There Can Be Only One…Telegram Gets the Message

While it tries to keep Bitcoin under wraps, the US Government along with its European Regulator allies has also forced the much-publicized Facebook Libra project to move away from its original plan of a permissionless digital currency towards a coin that would be subject to foreign exchange controls and regulations.

But perhaps the most excessive abuse of power by the US SEC has been the manner in which it recently shot down the Telegram Open Network (TON). It is difficult to see how the US regulators have not over-reached on their ruling and what's more alarming is the lack of backlash towards the regulators by other sovereign nations who have had their own rights encroached. 

Following Telegram abandoning the TON project, the companies CEO Pavel Durov published a long explanation entitled, "What was TON and Why is it Over?" But in summary, Durov explained that the primary reason to abandon the project ultimately came down to the US regulators somehow being able to encroach on the sovereign rights of other nations and dictate where Grams could be distributed for the entire world.

Durov wrote, “Perhaps even more paradoxically, the US court declared that Grams couldn't be distributed not only in the United States, but globally. Why? Because, it said, a US citizen might find some way of accessing the TON platform after it launched. So, to prevent this, Grams shouldn’t be allowed to be distributed anywhere in the world – even if every other country on the planet seemed to be perfectly fine with TON.

The Telegram CEO further reiterated that the US courts are exceeding its own jurisdiction and deciding what is best for the rest of the world and believes that they are exploiting their control over the dollar.

Durov stated, “Sadly, the US judge is right about one thing: we, the people outside the US, can vote for our presidents and elect our parliaments, but we are still dependent on the United States when it comes to finance and technology (luckily not coffee). The US can use its control over the dollar and the global financial system to shut down any bank or bank account in the world.

Trump Plays the Same, but the Game has Changed

With TON basically put down and Libra tamed, it seems only a matter of time before the decision is made to once again re-focus on Bitcoin. Especially, given that the decision will ultimately fall into the hands of US President Donald Trump. 

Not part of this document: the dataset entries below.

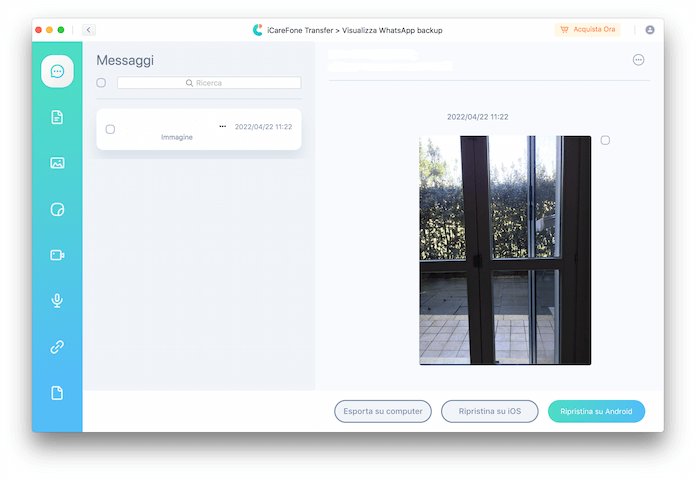 - Da questa schermata puoi scegliere se esportare il backup di WhatsApp sul Mac oppure ripristinarlo su iPhone o su Android. La versione gratuita di iCareFone Transfer consente soltanto di visualizzare il backup appena eseguito: invece, se vuoi esportare il backup delle chat di WhatsApp direttamente sul Mac e ripristinare i dati precedentemente conservati su un altro iPhone o su un telefono Android devi necessariamente acquistare la versione completa, che consente anche di trasferire il backup WhatsApp da Android a iPhone.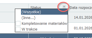 Tabelkę z listą prac i listą dokumentów można sortować klikając na nagłówek kolumny. W nagłówkach dostępne są również opcje filtrowania: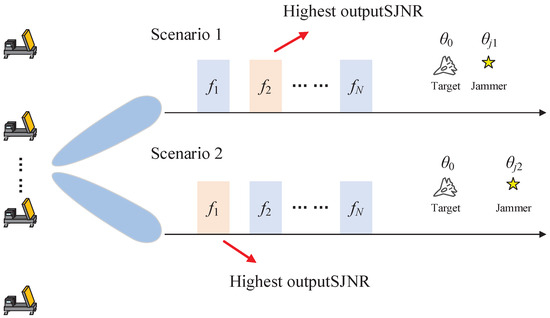 The ultimate objective of optimization in this study is to enhance the output SJNR after jamming suppression. To achieve this, the following frequency selection strategy can be employed: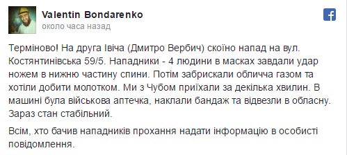"На Дмитрия Вербича совершили нападение на улице Константиновская, 59/5. Нападавшие - 4 человека в масках", - написал он.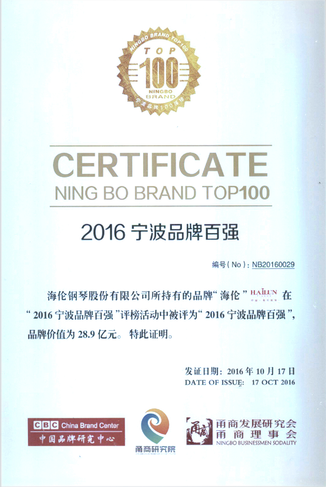 海倫鋼琴品牌在“2016寧波品牌百強”評榜活動中被評為“2016寧波品牌百強”。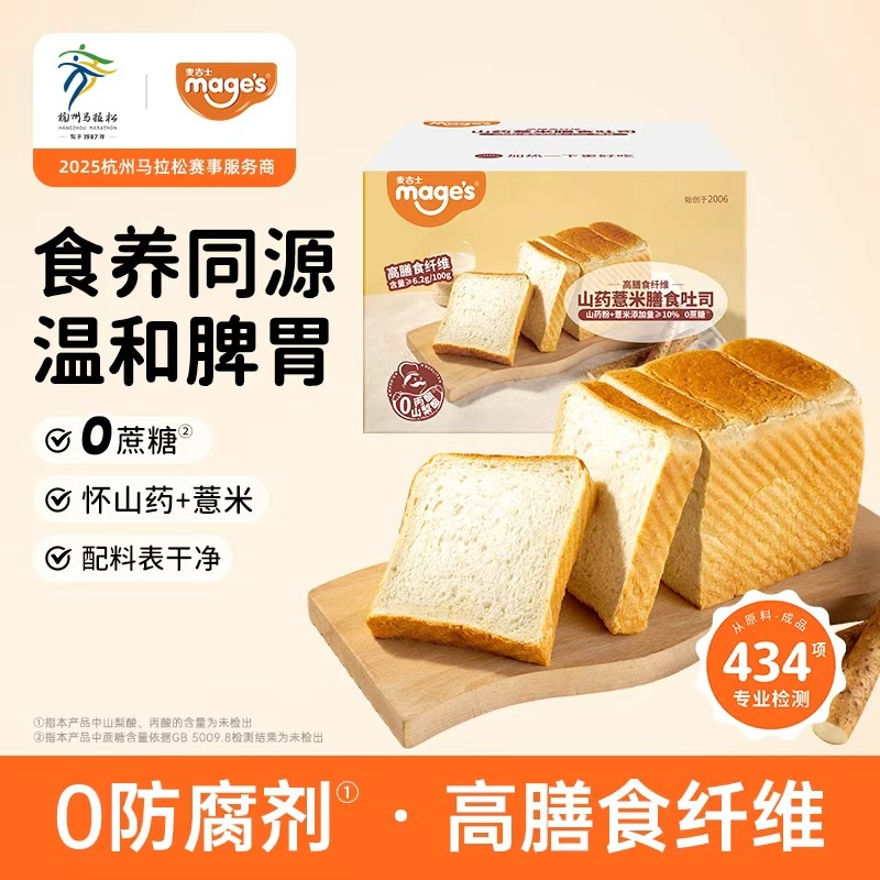 麦吉士零蔗糖高蛋白五零面包270g*1盒

Last year Trump was quoted in an outburst against cryptocurrencies, “We have only one real currency in the USA, and it is stronger than ever, both dependable and reliable. It is by far the most dominant currency anywhere in the world, and it will always stay that way. It is called the United States dollar!”

While Trump’s state-of-play towards digital assets may be the same, perhaps the game has changed. 

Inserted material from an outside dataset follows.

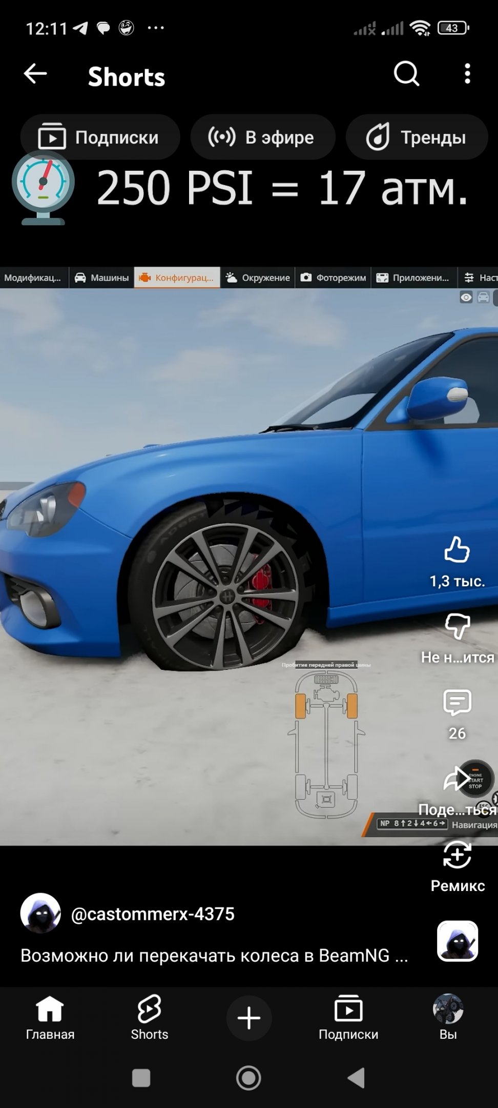 Great mod idea! However, I noticed an issue with how tires fail during a burnout or drifting. Currently, the tire just "deflates" (slowly loses pressure) until it's flat. In reality, during a burnout, the tire should "pop" or "delaminate" from the heat and friction, often jumping off the rim entirely. Right now, tires in the mod seem to only burst at extremely high pressures (like 225 PSI), which isn't how it works during a burnout. Could you adjust the logic so that instead of just losing air, the tire has a chance to physically "blow out" or "pop" once it reaches a certain temperature/wear threshold, even at normal pressures? This would make the drifting and burnout experience much more realistic. --- Post updated --- Great mod! I have a simple suggestion to make tire blowouts more realistic without complex physics changes. Currently, tires just deflate during burnouts, which feels wrong. Since BeamNG already has a built-in "burst" mechanic at high pressures (around 225 PSI), why not use that? Could you change the logic so that instead of deflating, the tire pressure gradually increases during high-friction situations? Specifically, when the wheels are spinning much faster than the car is moving (like during a burnout against a wall, holding brake/gas, or high-angle drifting). Once the pressure hits that 225+ PSI limit from the simulated heat, the tire will naturally "pop" and fly off the rim. This would perfectly simulate a tire bursting from a burnout using the game's existing mechanics

Following his comments last year, Trump now finds himself having to contend with the COVID market downturn as well as China’s unswerving mission to achieve the world's first central bank digital currency (CBDC), or DCEP in their case.

Should China be able to achieve a central bank currency first, it could spell the end of US dollar dominance, particularly within those countries involved in the Belt and Road Initiative, a project spearheaded by China to digitalize the old silk road connecting Europe, Asia, and Africa. 

And finally, given Trump’s push for negative interest rates, the excessive amounts of money printing stimulus, and a world shifting away from Oil consumerism and consequently the petro-dollar: how strong and stable can the US dollar even remain?